- _PROBLEM_
Give the number of lines below that hold the string "blue", and nothing more.

- _EXTRACTED MATERIAL_
***

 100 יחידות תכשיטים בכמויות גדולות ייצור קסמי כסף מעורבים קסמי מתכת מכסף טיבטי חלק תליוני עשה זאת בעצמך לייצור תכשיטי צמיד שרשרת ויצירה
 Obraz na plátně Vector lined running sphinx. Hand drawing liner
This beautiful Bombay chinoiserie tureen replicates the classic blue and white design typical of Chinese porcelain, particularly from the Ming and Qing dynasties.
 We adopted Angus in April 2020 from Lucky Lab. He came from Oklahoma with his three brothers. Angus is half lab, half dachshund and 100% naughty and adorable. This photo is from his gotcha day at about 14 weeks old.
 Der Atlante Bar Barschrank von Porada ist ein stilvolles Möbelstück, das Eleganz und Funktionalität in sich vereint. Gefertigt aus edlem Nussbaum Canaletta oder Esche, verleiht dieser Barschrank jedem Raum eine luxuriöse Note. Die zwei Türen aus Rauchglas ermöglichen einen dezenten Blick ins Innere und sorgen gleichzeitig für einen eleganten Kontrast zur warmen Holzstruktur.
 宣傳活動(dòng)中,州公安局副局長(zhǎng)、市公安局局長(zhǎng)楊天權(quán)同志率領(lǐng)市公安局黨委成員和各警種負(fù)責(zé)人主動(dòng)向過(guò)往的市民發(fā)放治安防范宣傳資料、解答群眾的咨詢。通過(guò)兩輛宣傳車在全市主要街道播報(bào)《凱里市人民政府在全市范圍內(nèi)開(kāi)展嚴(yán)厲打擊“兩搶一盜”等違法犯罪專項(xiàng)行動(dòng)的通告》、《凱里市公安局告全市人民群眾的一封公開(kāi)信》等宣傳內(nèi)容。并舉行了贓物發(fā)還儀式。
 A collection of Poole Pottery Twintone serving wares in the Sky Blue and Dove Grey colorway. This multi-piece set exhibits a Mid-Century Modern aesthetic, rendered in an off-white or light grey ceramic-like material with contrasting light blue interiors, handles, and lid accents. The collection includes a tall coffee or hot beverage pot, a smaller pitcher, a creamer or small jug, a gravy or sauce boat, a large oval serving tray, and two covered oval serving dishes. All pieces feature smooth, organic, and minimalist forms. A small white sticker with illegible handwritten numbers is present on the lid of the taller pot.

***

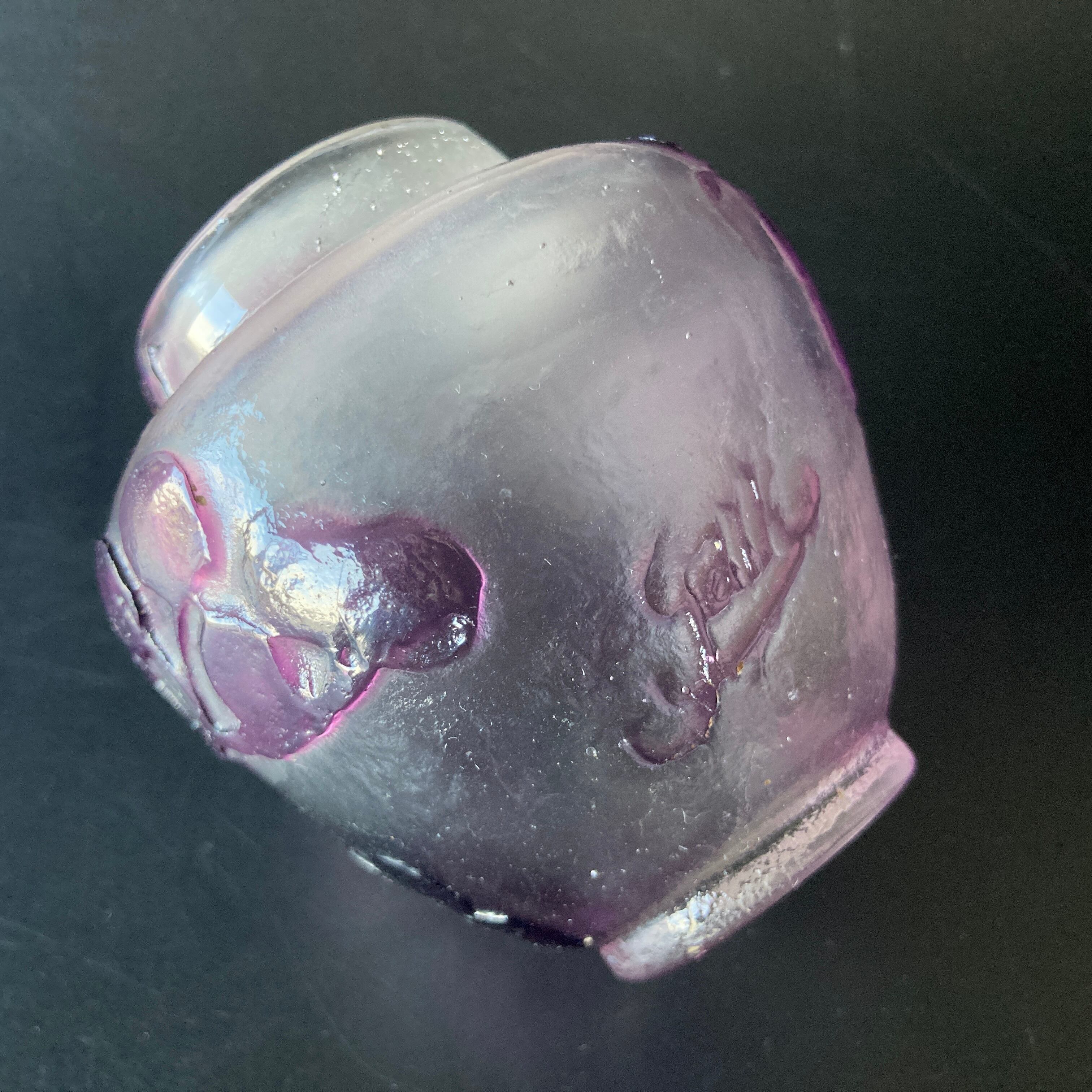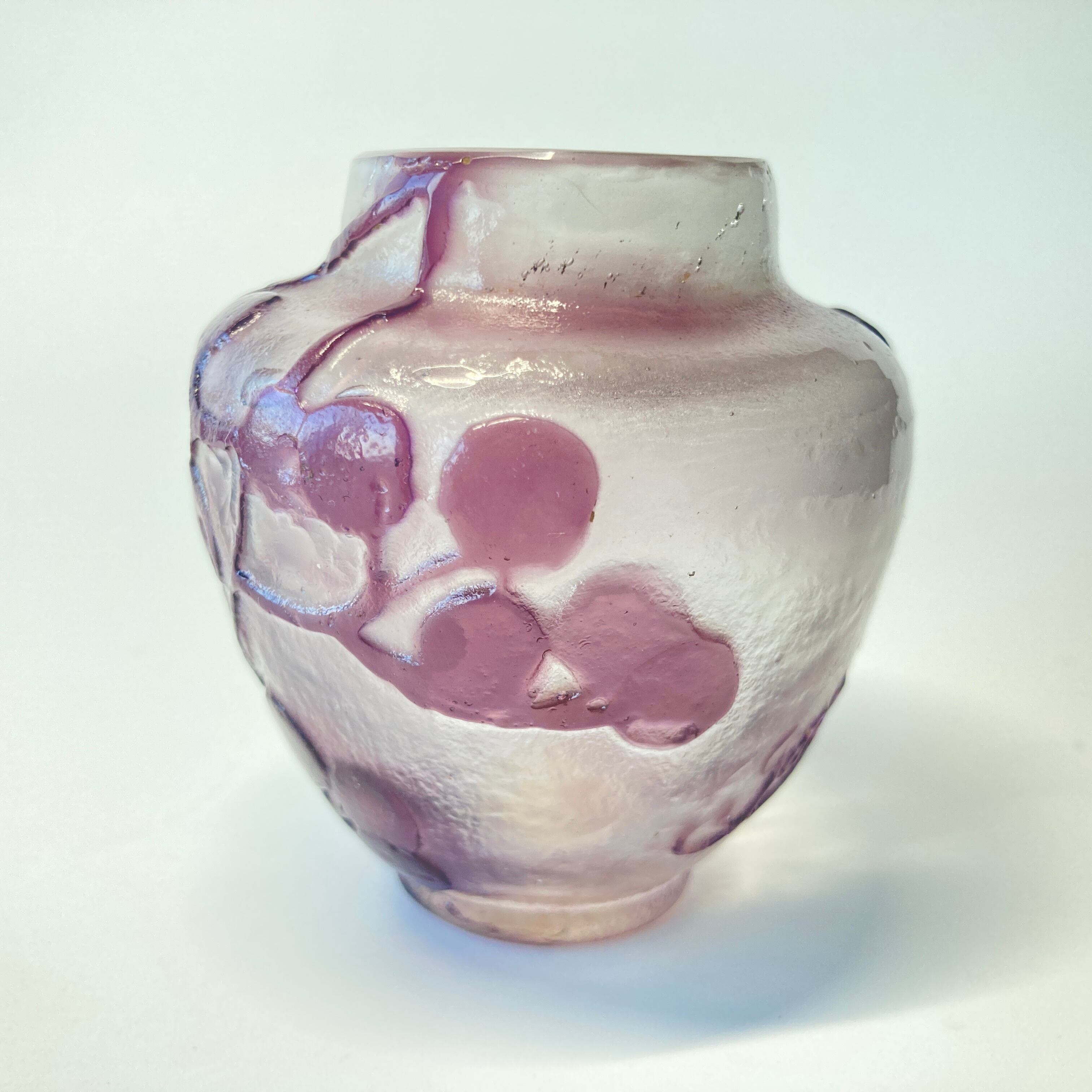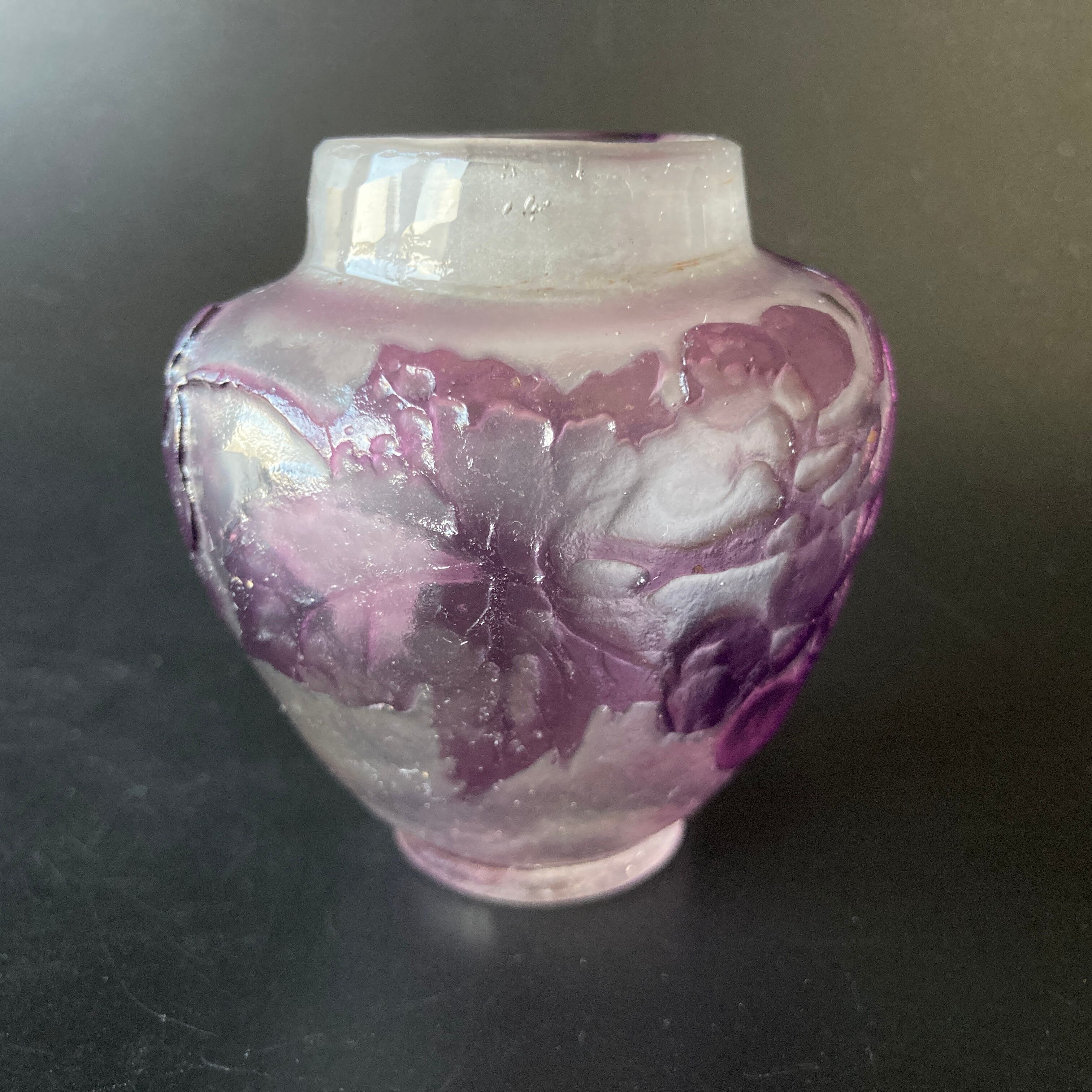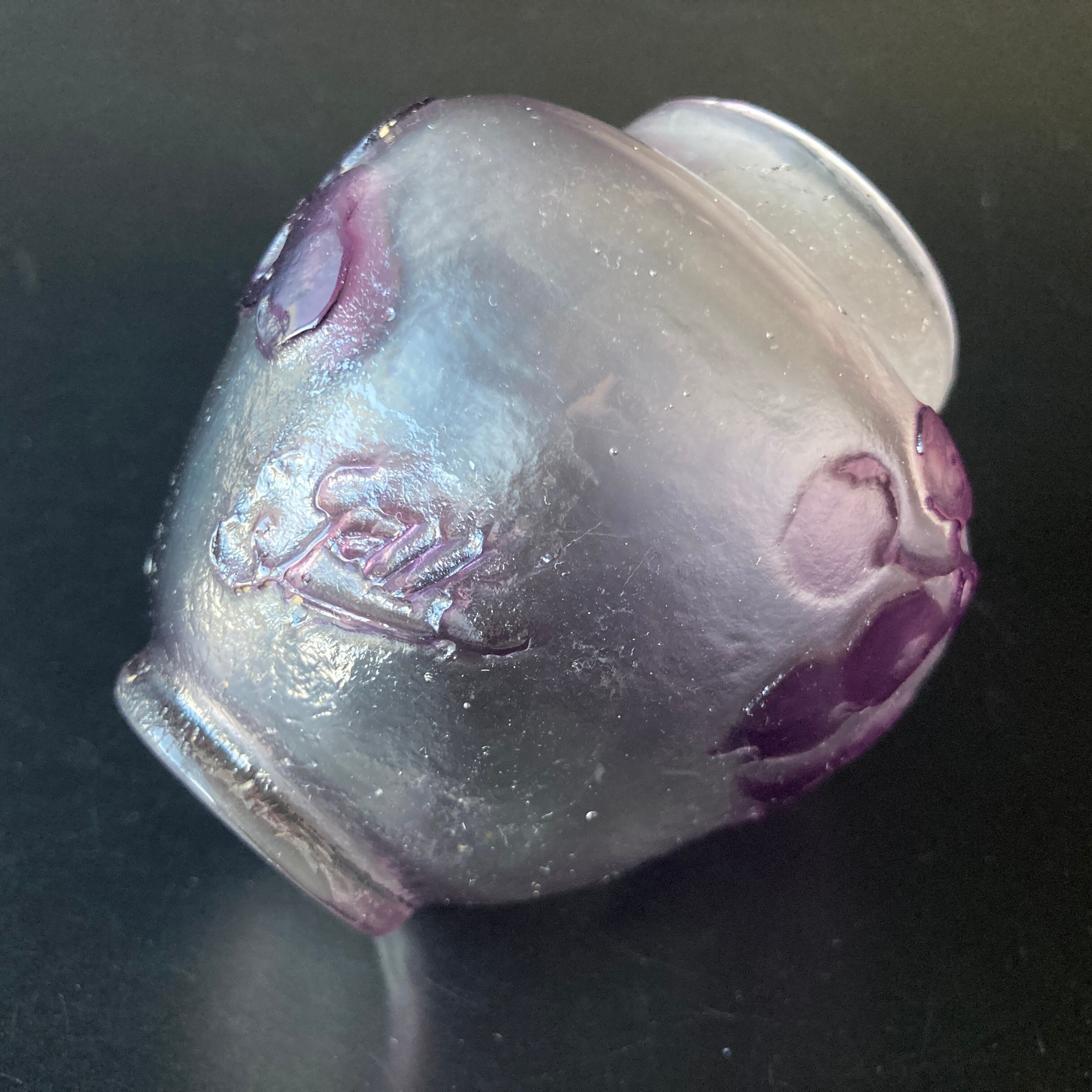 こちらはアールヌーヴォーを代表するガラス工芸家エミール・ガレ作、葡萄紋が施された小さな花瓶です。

***

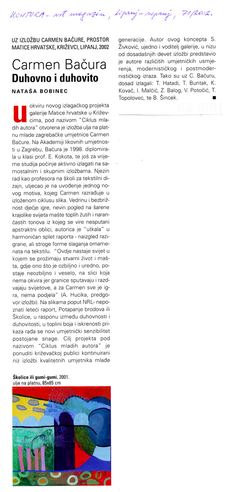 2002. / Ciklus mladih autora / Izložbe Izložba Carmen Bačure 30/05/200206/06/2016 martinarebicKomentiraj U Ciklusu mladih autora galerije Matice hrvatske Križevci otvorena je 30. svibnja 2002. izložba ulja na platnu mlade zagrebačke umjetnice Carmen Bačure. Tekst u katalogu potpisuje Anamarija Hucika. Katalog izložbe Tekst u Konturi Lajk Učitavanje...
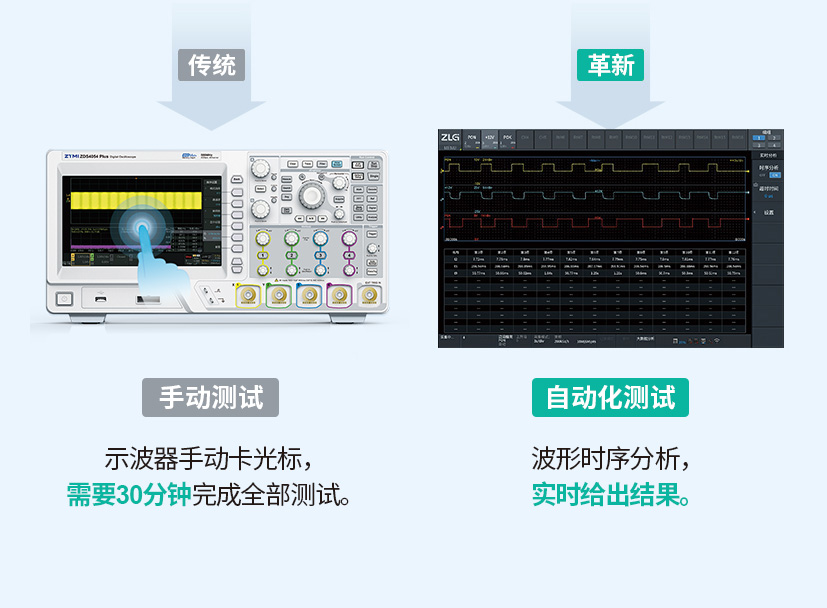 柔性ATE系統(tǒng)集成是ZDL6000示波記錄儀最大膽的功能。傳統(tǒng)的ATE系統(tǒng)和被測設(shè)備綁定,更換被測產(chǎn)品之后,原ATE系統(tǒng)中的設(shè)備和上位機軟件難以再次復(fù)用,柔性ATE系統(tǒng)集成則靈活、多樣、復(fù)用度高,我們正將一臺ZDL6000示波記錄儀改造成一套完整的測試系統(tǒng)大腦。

***

- _FINISHED EXERCISE_
2